Work instructions: Print out the full material below, exact in every line, with no images included.

Dataset section:
○ ○ ○ ○

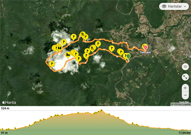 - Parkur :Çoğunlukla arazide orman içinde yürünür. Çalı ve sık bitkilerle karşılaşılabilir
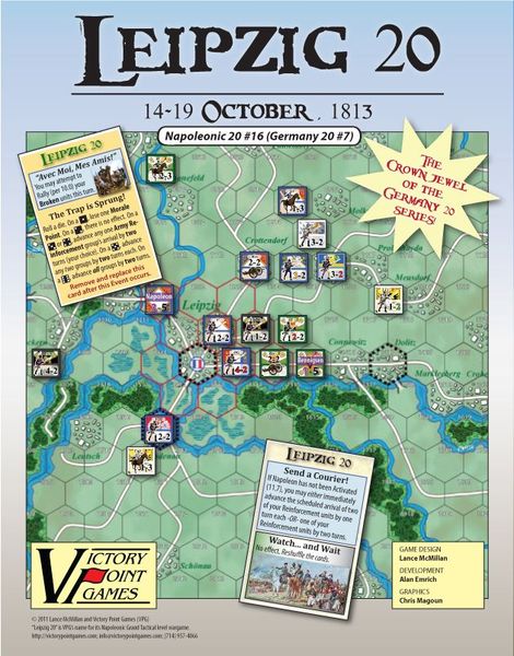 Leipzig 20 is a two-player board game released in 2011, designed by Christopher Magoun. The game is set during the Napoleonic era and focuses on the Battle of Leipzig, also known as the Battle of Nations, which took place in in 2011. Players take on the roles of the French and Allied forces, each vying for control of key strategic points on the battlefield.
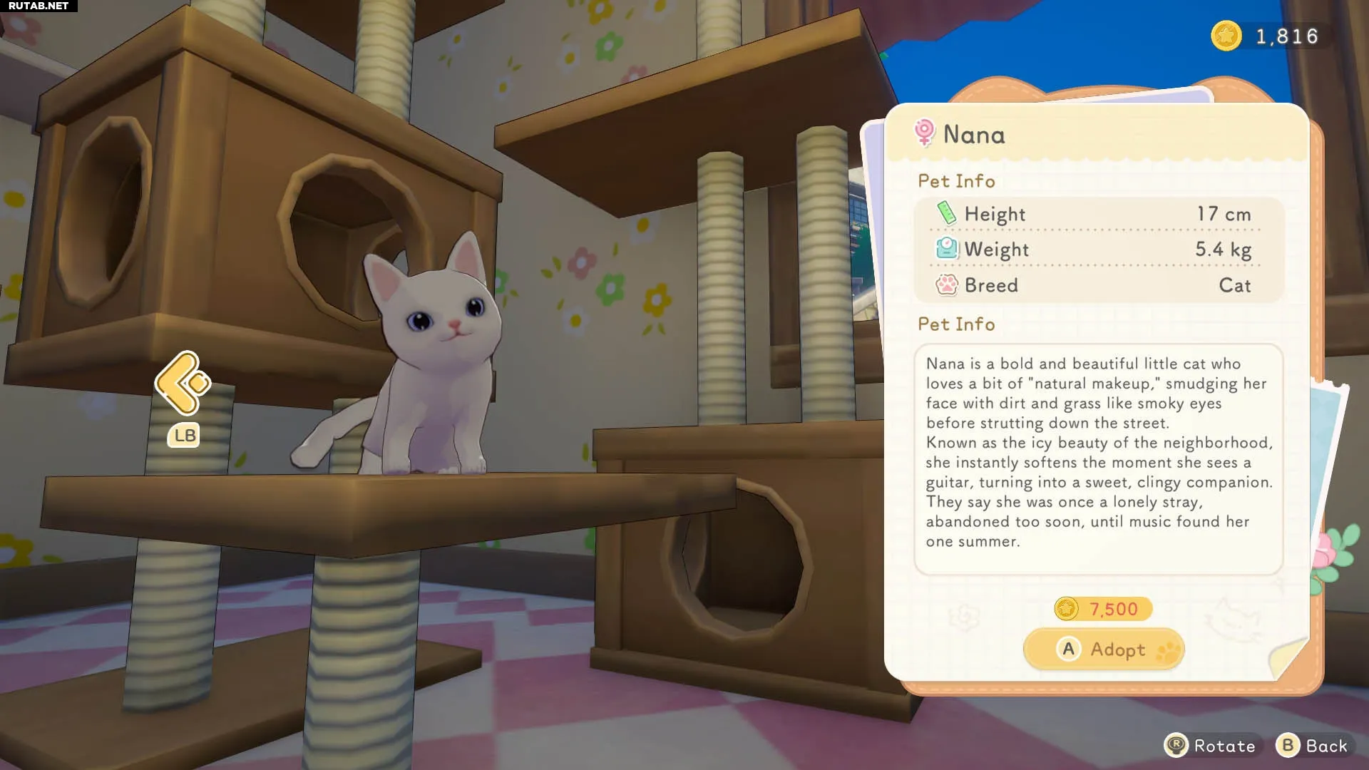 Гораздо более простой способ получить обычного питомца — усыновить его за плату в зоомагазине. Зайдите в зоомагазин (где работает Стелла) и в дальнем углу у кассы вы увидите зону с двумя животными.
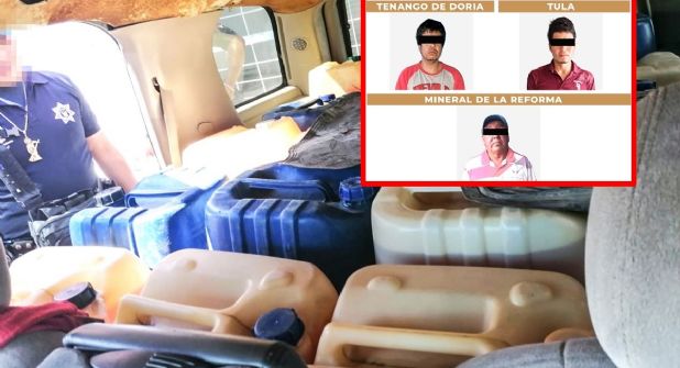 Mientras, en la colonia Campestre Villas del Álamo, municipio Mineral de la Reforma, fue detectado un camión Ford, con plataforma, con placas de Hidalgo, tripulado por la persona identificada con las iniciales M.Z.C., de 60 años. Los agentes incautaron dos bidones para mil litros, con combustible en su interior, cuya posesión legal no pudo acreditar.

○ ○ ○ ○

Solution for this problem:
 - Parkur :Çoğunlukla arazide orman içinde yürünür. Çalı ve sık bitkilerle karşılaşılabilir
 Leipzig 20 is a two-player board game released in 2011, designed by Christopher Magoun. The game is set during the Napoleonic era and focuses on the Battle of Leipzig, also known as the Battle of Nations, which took place in in 2011. Players take on the roles of the French and Allied forces, each vying for control of key strategic points on the battlefield.
 Гораздо более простой способ получить обычного питомца — усыновить его за плату в зоомагазине. Зайдите в зоомагазин (где работает Стелла) и в дальнем углу у кассы вы увидите зону с двумя животными.
 Mientras, en la colonia Campestre Villas del Álamo, municipio Mineral de la Reforma, fue detectado un camión Ford, con plataforma, con placas de Hidalgo, tripulado por la persona identificada con las iniciales M.Z.C., de 60 años. Los agentes incautaron dos bidones para mil litros, con combustible en su interior, cuya posesión legal no pudo acreditar.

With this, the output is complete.